I don't know, you know, how are you processing that?
(22:51):
Because it is happening so fast for you.
Speaker 4 (22:56):
I really think that the most valuable piece of advice
I ever received through I think it was a TikTok.
Speaker 3 (23:04):
Video was you are the niche.
Speaker 4 (23:07):
It's not the fitness content And this was just this
was a creator talking to other creators, and I again
feel that God's grace on my life has allowed me
to embody these things that I think are simple to implement.
But people continue to ask me, how do I get
out of my own way? And I say, well, the
answer is in the question. You get out of your
own way? How do I not care about what people think?
(23:30):
You stop caring? And I think because God pushed me
onto this route, of this path of helping people in
some way. I'm looking back on all my experiences of
being in a sales program in college, to B to
B corporate sales, to years of sales training, and it's
all playing into what I'm doing now in my content,
and I'm just not afraid to talk about the things
that I love.
Speaker 3 (23:50):
And the things that I love are sales, they are fitness, They.
Speaker 4 (23:53):
Are public speaking communication, and how the baseline, the root
and foundation of physical fitness is the launching path for
all of it. That's that's how higher up wellness was born.
I was in a business school learning. I loved business,
was really good at the course work and understood and
it fired me up to learn what made businesses and
business owners tick. But I also loved how I showed
(24:15):
up when I was sleeping, eating and training well. I
felt like I could answer questions more quickly and into
the end of the office. In corporate world, sales calls
went better. When I was dialed in on my food
and my training and my sleep, opportunities started to arise.
People treated me differently.
Speaker 3 (24:30):
You know.
Speaker 4 (24:30):
I worked at a five hundred person family owned business
where I was the youngest guy on the floor by
like twenty five years.
Speaker 3 (24:38):
Wow.
Speaker 4 (24:38):
So in a world where agism is very real in
the corporate world, what do you know, You're just a greenhorn?
Speaker 3 (24:43):
You just got here.
Speaker 2 (24:45):
Drives me nuts.
Speaker 3 (24:46):
It's the worst, you know.
Speaker 4 (24:47):
It's having that physique and that level of fitness is
something that triggers the reptilian brain and people of like,
you know something I don't, or you're doing something I'm not.

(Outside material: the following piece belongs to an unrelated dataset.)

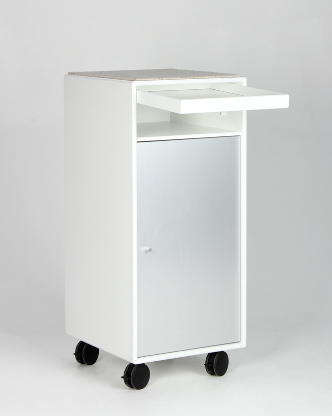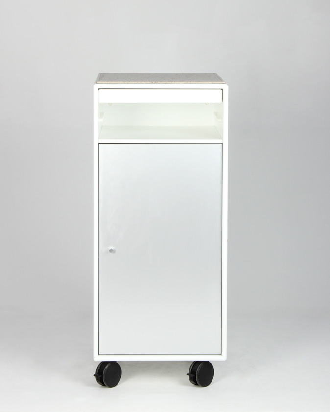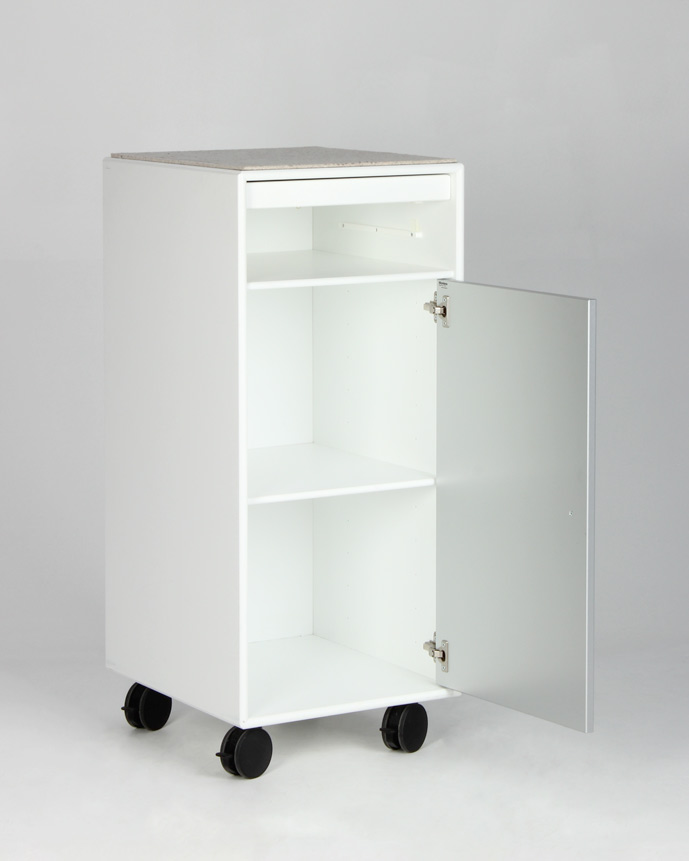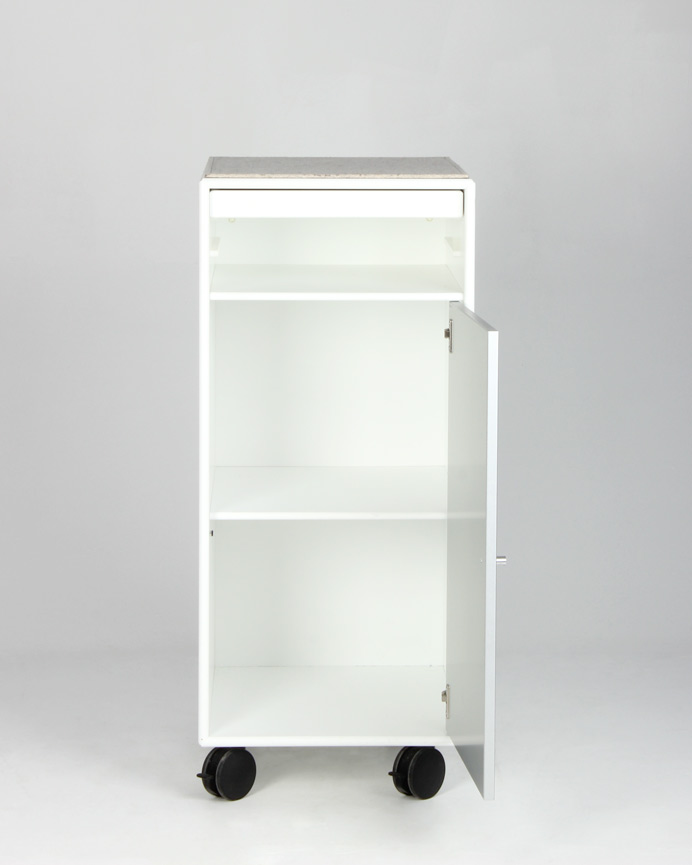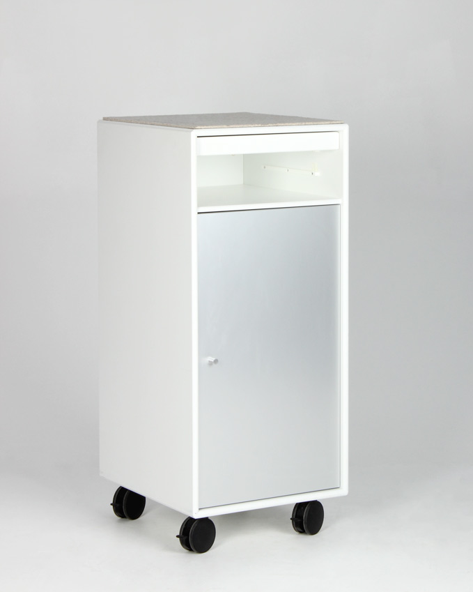 "Montana CO16 skabsmodul i hvidmalet MDF med sølvmetallic låge. Modulet indeholder god opbevaringsplads og er indrettet med smal skuffe øverst, åben hylde samt skabslåge. Filtpladen på toppen skåner for ridser og skrammer ved aflægning af genstande, mens de låsbare hjul gør den nem at håndtere i forbindelse med rengøring eller omrokering. Et elegant designet opbevaringsmodul med et let udtryk.
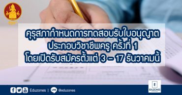 EZ Webmaster November 27, 2020 คุรุสภากำหนดการทดสอบรับใบอนุญาตประกอบวิชาชีพครู ครั้งที่ 1 โดยเปิดรับสมัครตั้งแต่ 3 – 17 ธันวาคมนี้ EZ Webmaster November 27, 2020 คุรุสภา กำหนดการทดสอบและประเมินสมรรถนะทางวิชาชีพครู ด้านความรู้และประสบการณ์วิชาชีพ ตามมาตรฐานวิชาชีพครู ครั้งที่ 1 (ใบประกอบวิชาชีพครู) ทั้งชาวไทย และชาวต่างประเทศ โดยจะเปิดรับสมัครตั้งแต่วันที่ 3 – 17 ธันวาคม 2563 สำหรับกำหนดการทดสอบและประเมินสมรรถนะทางวิชาชีพครู ด้านความรู้และประสบการณ์วิชาชีพ คณะกรรมการกำหนดให้ผู้ขอรับใบอนุญาตประกอบวิชาชีพครูต้องผ่านการทดสอบและประเมินสมรรถนะทางวิชาชีพครูตามประกาศคณะกรรมการคุรุสภา เรื่อง หลักเกณฑ์และวิธีการทดสอบ และประเมินสมรรถนะทางวิชาชีพครู พ.ศ. 2563 ซึ่งกำหนดองค์ประกอบของสมรรถนะทางวิชาชีพที่จะทดสอบและประเมินไว้ 2 ส่วน ได้แก่ (1) การทดสอบและประเมินสมรรถนะทางวิชาชีพครู ด้านความรู้และประสบการณ์วิชาชีพ ตามมาตรฐานวิชาชีพครู … Continue Reading

And that gave me a sense of I guess authority
to these other people that ended up opening their world
up to me and teaching me a bunch and giving
me great opportunities I probably didn't deserve as a twenty
(25:08):
six year old. And so I think once all of
those skills came into the content and I just have
one message, this is what The page started on sharing
easily implementable ways to improve your life, and I never
confined it to just the fitness, and so I'm going
to continue to talk about things that I love that
I am convicted on because I know it's like my
dad said when we started, and like I said at
(25:29):
the beginning of this show, if just one person gets
something from what I have to say, whether it's sales, fitness,
public speaking, communication, my talk about my hangover remedies because
I do still go out and drink with my buddies.
I'm a twenty seven year old guy in a big city.
Then it's all worth it. And that's the message I
want to spread. I think everybody has a gift that
(25:49):
maybe the vehicle they can spread that gift on is
content and I'm seeing it now in real time through
a challenge I accidentally launched on TikTok that is changing
people's lives and it's really cool to see.
Speaker 2 (26:01):
What was the challenge.
Speaker 4 (26:03):
I made a video about communication skills being a huge
launch pad to change your life, that a lot of
people have these great skills, these great ideas, but frankly
they suck at talking and communication is a skill and
we can train it and we can sharpen it just
like our bodies in the gym.
Speaker 3 (26:19):
But you have to practice.
Speaker 4 (26:20):
And in the video, I just say one of the
things you could do is set your camera up just
like I'm doing right now on this TikTok because I
was speaking in my front camera on the phone and
record yourself speaking for sixty seconds. And I didn't tell
people to go post it. I said, create a burner
account if you want, and all of a sudden the
video blew up and I woke up one day to
six hundred mentions and it was higher up. Well Inness
(26:43):
public Speaking Challenge. That's awesome, it's amazing, and it was
an accident. Again, I think God placed his hand on that.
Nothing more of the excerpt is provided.